Next, we analyzed the preference of the base mutations and found that the ratio of transition to transversion mutation is about 2:1. And the results show that the most frequently mutated base is cytosine (C) followed by guanine (G), uracil (U) and adenine (A). C and G mutations accounted for 46.85% and 27.39% of the total number of mutations (Figures 1C, D). The mutation from C to U is most frequent and accounted for 39.77% of the total number of mutations. A→C and C→G are the two least mutations, accounting for only 0.24% and 0.64% of the total number of mutations.

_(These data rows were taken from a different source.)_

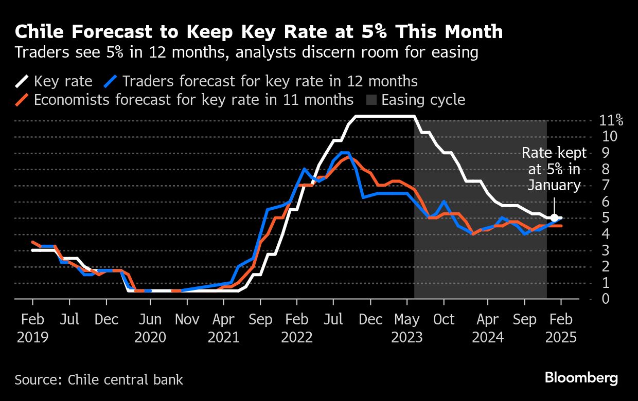 Sticky and stubbornly elevated inflation, risks skewed to the upside, and wobbles in expectations persuaded Chile's central bank to keep its 5% rate unchanged in January.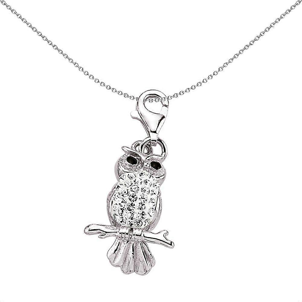 Jewelco London Sterling Silver White Crystal Owl Charm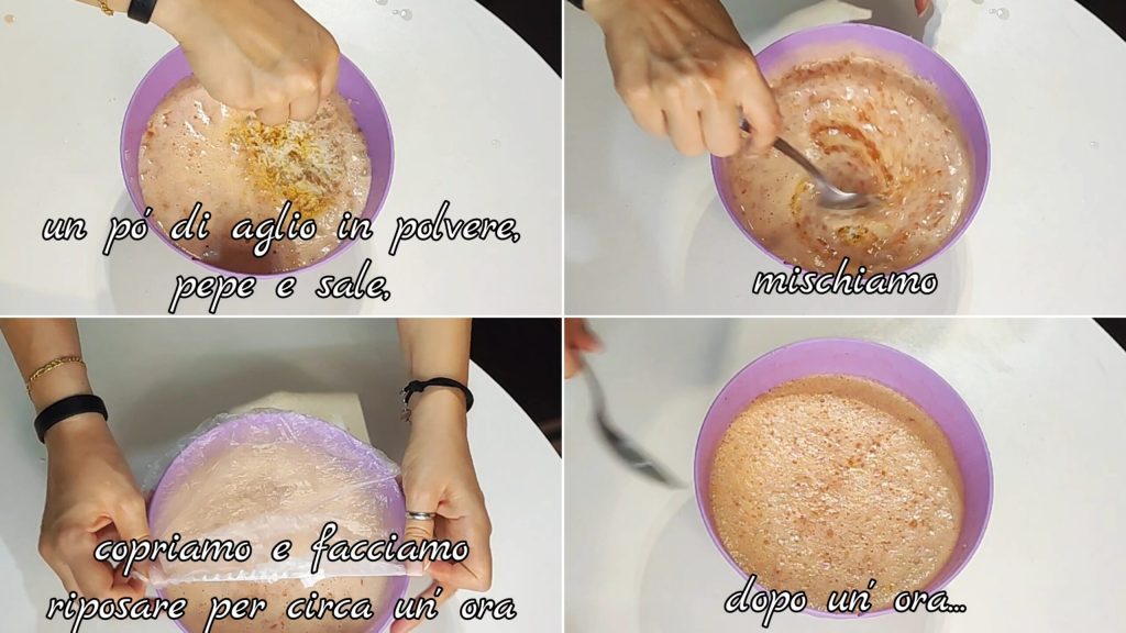 etwas Knoblauchpulver, Pfeffer und Salz. Mischen, abdecken und etwa 1 Stunde ruhen lassen.

Then we compared mutations with the primer/probe sequences of qPCR most commonly used in the commercial providers or public institutions (13 pairs from China, and 15 pairs from other countries were selected) (Figure S2 and Tables S2, S3). The positions and numbers of nucleotide substitutions in more than 25 sequences and all deletions in the regions corresponding to the primer/probe sequences in Table S2 and Table S3. We found that all the primer/probe-targeting sequences have varying degrees of mutations.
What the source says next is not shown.